Bruins general manager Peter Chiarelli expects the days leading up to this year’s NHL draft to be especially active on the trade front. He just doesn’t anticipate his own club getting involved in the frenzy.
The draft is always a hotbed of trade activity, second only to the in-season trade deadline for getting deals done. But this year the trade talk leading up to the draft, which takes place Friday and Saturday in Pittsburgh, has been even more intense than usual.
“There is a lot more chatter this year at this time,” Chiarelli said in a conference call with reporters on Monday.
“I think historically there’s always this talk, but I don’t know if there’s this much talk,” Chiarelli added. “It always does ramp up right now because there’s picks that will be available on Friday and Saturday. Specifically to this year, I think it’s a function of the shallow pool of free agents. So you’ve got teams that may not delve into the free agency or they’re trying to be proactive and trying to acquire guys prior to free agency because when the pool is shallow, the prices get pretty high.”
The prices on the trade market aren’t exactly a bargain, either. Columbus may finally trade star forward Rick Nash this week, but the Blue Jackets haven’t come down on their demands even after being unable to find a taker at the deadline. Edmonton and Columbus may also be open to dealing the top two picks in the draft, but those selections won’t come cheap.
The Bruins aren’t likely to get into the Nash sweepstakes and have their lineup largely set for the upcoming season. That leaves Chiarelli content to be largely a spectator in this coming wave of moves, waiting instead to explore the options in free agency and the second round of deals that will follow later in the summer.

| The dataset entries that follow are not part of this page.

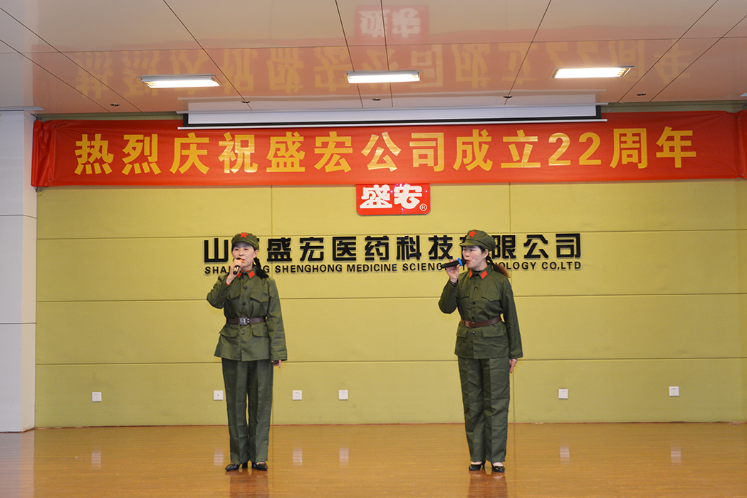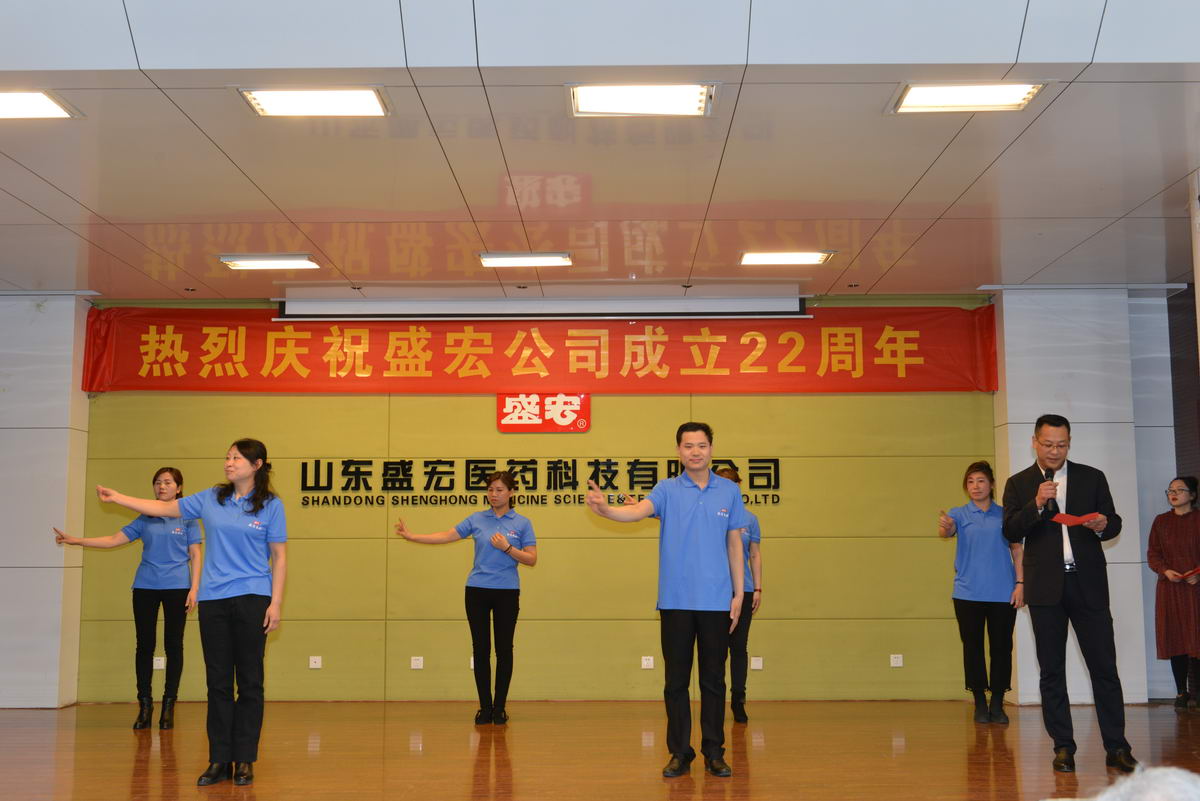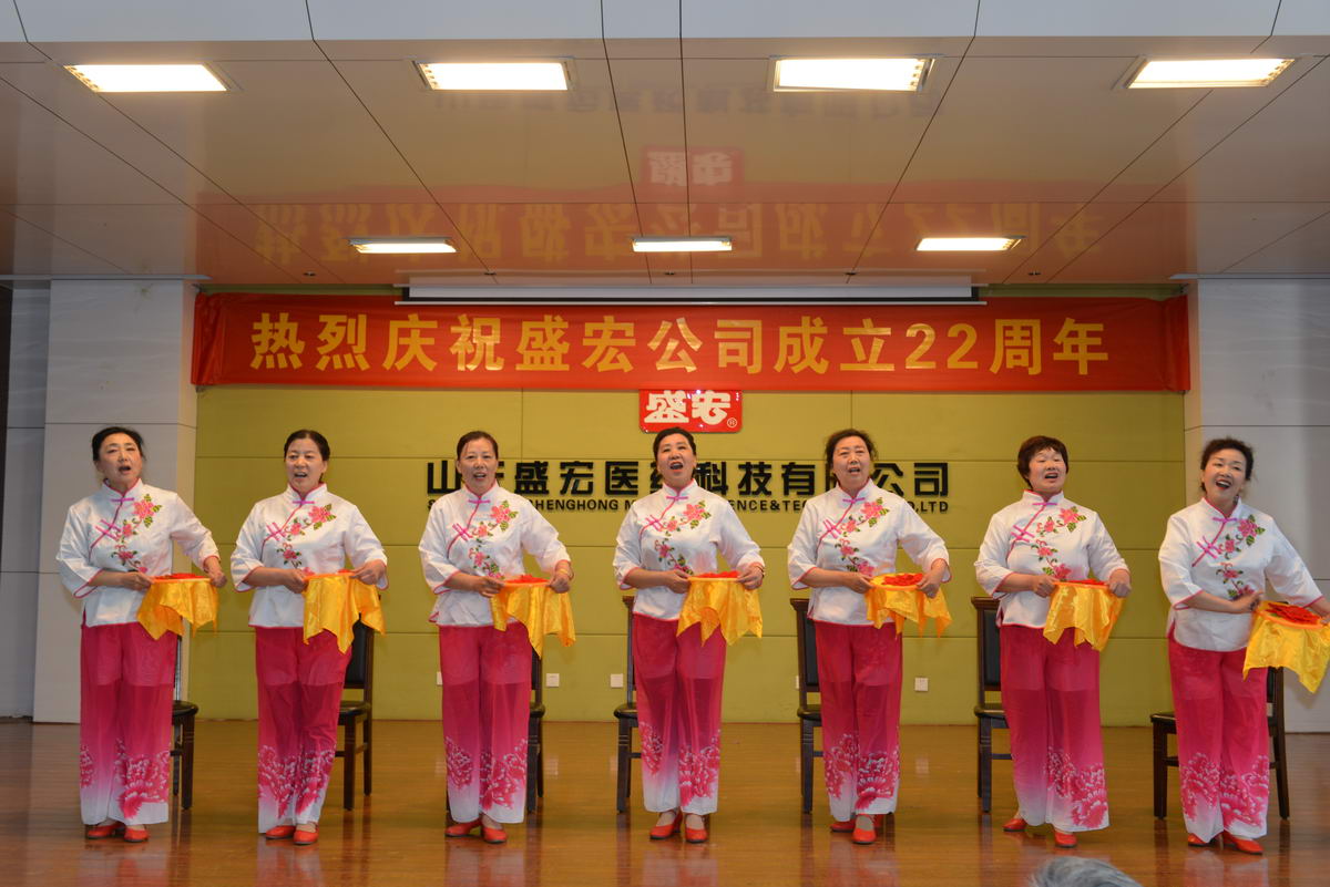 2019年4月2日,晴空萬里、百花盛開,盛宏公司迎來了她的22周歲生日。88歲的濰坊市人民醫院原院長夏寶樞,濰坊市人民醫院原副院長韓榮芳,濰坊市作家協會原主席穆陶,濰坊衛生學校原校長于守信,濰坊市皮膚病防治所原所長鄭大有,濰坊市藥檢所原所長于志超,濰坊市立醫院原醫務科主任王杰,90歲的濰坊醫學院資深教授、碩士研究生導師白林,軍醫、主治軍醫衛生隊長梁坤義等醫學界老前輩蒞臨祝賀。盛宏公司董事長劉希山熱情接待“鶴祥十老”,并同各位來賓、盛宏公司全體員工在多功能會議室共同觀看了精彩的文藝節目。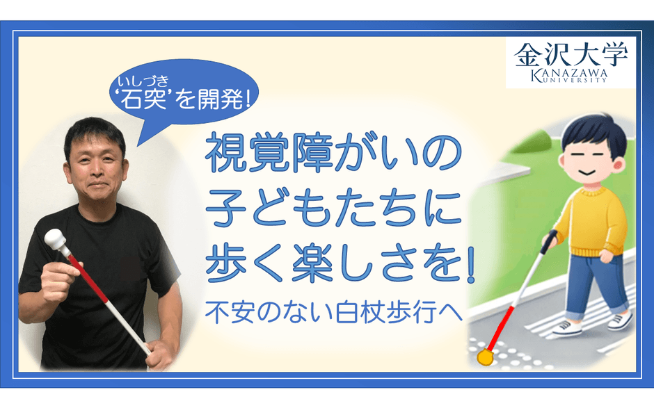 金沢大学は、新開発した石突(白杖の先端部分)を全国の盲学校の全ての児童生徒に届け、使ってもらうことを目的として、寄付額450万円を第一目標に「READYFOR」でのクラウドファンディングを2025年4月17日(木)まで実施します。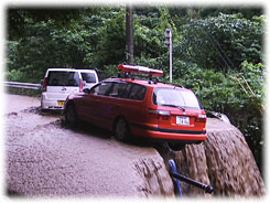 立ち往生した6台のうち4台が転落 平成22年7月3日深夜激しく叩きつける雨音で目覚め17年前死者17名の犠牲者を出した8.1水害を彷彿し思わず身震いをした。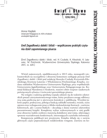 filologia | nauki społeczne | filozofia | teologia 2(25)/2015 Anna Hajduk Uniwersytet Pedagogiczny im. KEN w Krakowie [email protected] Emil Zegadłowicz daleki i bliski – współczesne praktyki czytania dzieł zapomnianego pisarza [Emil Zegadłowicz daleki i bliski, red. H. Czubała, K. Kłosiński, K. Latawiec, W. Próchnicki, Wydawnictwo Uniwersytetu Śląskiego, Katowice 2015, ss. 420.] Wśród najnowszych, opublikowanych w 2015 roku, monografii wieloautorskich na szczegółowy i obszerny komentarz zasługuje pozycja Emil Zegadłowicz daleki i bliski pod redakcją Henryka Czubały, Krzysztofa Kłosińskiego, Krystyny Latawiec i Włodzimierza Próchnickiego. Książka, wydana nakładem Wydawnictwa Uniwersytetu Śląskiego, przy współudziale Uniwersytetu Jagiellońskiego oraz Uniwersytetu Pedagogicznego im. Komisji Edukacji Narodowej w Krakowie, stanowi zbiór rozpraw naukowych poświęconych sylwetce i twórczości gorzeńskiego pisarza. Na wstępie z należną aprobatą wypada odnieść się do walorów edytorskich ponad czterystustronicowego tomu, który przykuwa uwagę odbiorcy swą szatą graficzną już w pierwszym kontakcie z publikacją. Wysokiej jakości papier, praktyczna, pełniąca funkcję zakładki tasiemka, twarda, szyta oprawa oraz wzbogacenie pracy o blisko siedemdziesiąt ilustracji – zarówno kolorowych, jak i czarno-białych – decydują o dużej wartości edytorskiej prezentowanej książki. Kompletny wykaz wykorzystanych w niej grafik oraz obszerny indeks osobowy stanowią dodatkowy atut tomu, ułatwiający sprawne wyszukiwanie konkretnych, interesujących czytelnika informacji. Kompozycja publikacji jest przejrzysta. Książka składa się z sześciu głównych części poprzedzonych redaktorskim wstępem. Zawiera on ko- Materiały, komentarze, recenzje Świat i Słowo 254 Anna Hajduk mentarz dotyczący m.in. wyboru tytułu wydawnictwa, historycznego tła, którego tematyczne i ideologiczne odzwierciedlenie możemy dostrzec w twórczości Zegadłowicza. Nie pominięto też problematyki dzieł bohatera rozważań, przedstawiając w zarysie ich główne wątki tematyczne. Już w przedmowie zasygnalizowane zostają zagadnienia istotne, choć pomijane w dotychczasowych badaniach, jak przykładowo kategoria cielesności, niepoddana dotąd wyczerpującej i nowoczesnej analizie, a także te, które w szczególny sposób wiążą się z kwestią autobiografizmu u Zegadłowicza (np. kategoria pamięci). Po lekturze pięciostronicowego słowa wstępnego redaktorów, które rzuca światło na podejmowane w książce wątki, czytelnik może zapoznać się z właściwą częścią tomu, podzieloną na kilka usystematyzowanych tematycznie działów składowych. Pierwszy z nich skupia się na ogólnej refleksji nad sylwetką twórczą Zegadłowicza, stanowi tym samym wprowadzenie do dalszych rozważań o bardziej zawężonych kręgach tematycznych. W tej partii publikacji umieszczone zostały trzy szkice: Emil Zegadłowicz – punkty widzenia Włodzimierza Próchnickiego, Sentymentalizm Emila Zegadłowicza – strategie językowe Krystyny Latawiec oraz Emila Zegadłowicza doświadczenie świata Henryka Czubały. Pierwszy z autorów podejmuje istotną kwestię przenikania do pisarstwa Zegadłowicza jego indywidualnych doświadczeń biograficznych oraz rzeczywistości historycznej, społecznej czy obyczajowej jemu współczesnej. Na przykładzie powieści Zmory… i Motory oraz dramatu Sind Sie Juden? szczegółowo omawia Próchnicki charakterystyczny dla Zegadłowicza sposób kreowania świata przedstawionego – pod pewnymi względami podobny do strategii narracyjnych przedstawicieli XX-wiecznego realizmu, jednocześnie jednak wyjątkowy, łączący w sobie elementy naturalizmu, symbolizmu i psychologizmu. Autorka kolejnego szkicu, Krystyna Latawiec, za punkt wyjścia refleksji obiera krytycznoliterackie tezy, zarzucające Zegadłowiczowi zbytnią emocjonalność i sentymentalizm. Omawia afektywny aspekt pisarstwa gorzeńskiego twórcy. Dokonuje trafnej diagnozy tej twórczości, wskazując czynniki wywierające na nią wpływ, oraz dając świadectwo zmianom, jakim ta podlegała. Badaczka, analizując wybrane motywy reprezentatywne dla dzieł Zegadłowicza, udowadnia, iż poszczególne utwory autora Motorów zajmują miejsce między dwoma biegunami jego pisarstwa – sentymentalną tkliwością (bliższą poezji) i brutalizującą ekscytacją (obecną w późnej prozie bohatera rozważań). W ujęciu badaczki ekspozycja uczuć szlachetnych bądź wywieranie presji na odbiorcę poprzez brutalistyczną poetykę grozy służy Zegadłowiczowi do wykreowania wrażenia wzniosłości. Autorka Emil Zegadłowicz daleki i bliski – współczesne praktyki… 255 rozprawy zauważa również niebagatelną rolę czytelnika, którego współodczuwające, emocjonalne reakcje są dowodem szczególnej więzi łączącej odbiorcę tekstu z jego twórcą. Nie ulega bowiem wątpliwości, iż ładunek emocjonalny tego pisarstwa, temperatura uczuć – niekiedy zamknięta w ramach konwencji, innym razem przekraczająca jej granice, prowokująca sprzeciw – wciąż budzi duże zainteresowanie czytelników. Ostatni szkic pierwszej części tomu został podzielony przez autora, Henryka Czubałę, na kilka segmentów – „podrozdziałów”, z których każdy odpowiada jednemu wątkowi refleksji. Rozwiązanie to uznać należy za korzystne, sprzyjające przejrzystości tekstu. Badacz zajmuje się tu sposobem, w jaki Zegadłowicz opowiada o figurze Innego – tego, do którego możemy się zbliżyć, niejako przekraczając własną tożsamość. W ujęciu Czubały proza i poezja autora Zmór… staje się miejscem, w którym Inny i inność mogą być doświadczani, mimo że w powszechnej opinii stanowią kategorie, względem których powinniśmy zachowywać dystans. W tej – bez wątpienia interesującej – perspektywie literatura traktowana jest raczej jako „sztuka doświadczania” Inn

“The reality is that the trade market right now is the most active,” Chiarelli said. “What will happen is, come July, that will take a bit of a backseat to free agency. And once we go through that first trounce of free agents, then the trade market will reemerge.
“Right now with the trade market the way it is, I’ll make some calls, but frankly I’m more apt to wait until the free agent market and then the secondary market,” Chiarelli added. “I call it the secondary trade market, but it’s fairly significant. My objective will probably be to wait unless something falls in my lap.”
If Chiarelli does get an offer he can’t refuse, it’s not likely to come completely out of the blue. He noted just how much time and effort goes into getting a deal done, and how many of the trades that take place this week at the draft will have had their origins in talks before last year’s deadline.
“A lot of the work you do leading up to the trade deadline does carry over,” Chiarelli said. “What I try to do along those lines is try to plant seeds, set up deals at the trade deadline for the summer or for the fall. There’s a lot of legwork that goes into making a trade. They’re hard to do now. My preparation for this trade market and the upcoming trade markets starts before the trade deadline.
“Usually those deals that happen or are talked about at the trade deadline are more for the moment,” Chiarelli added. “But you do get a sense of where guys feel where their roster might be in late June or early July.”
After re-signing Daniel Paille, Gregory Campbell and Chris Kelly in recent weeks to keep the bulk of the 2011 Cup-winning lineup intact, Chiarelli knows where his roster stands as the draft approaches. But he’s always exploring every option to improve his club. This week’s draft will provide plenty of opportunities to do that, and not just by adding new prospects to the system with the Bruins’ own picks.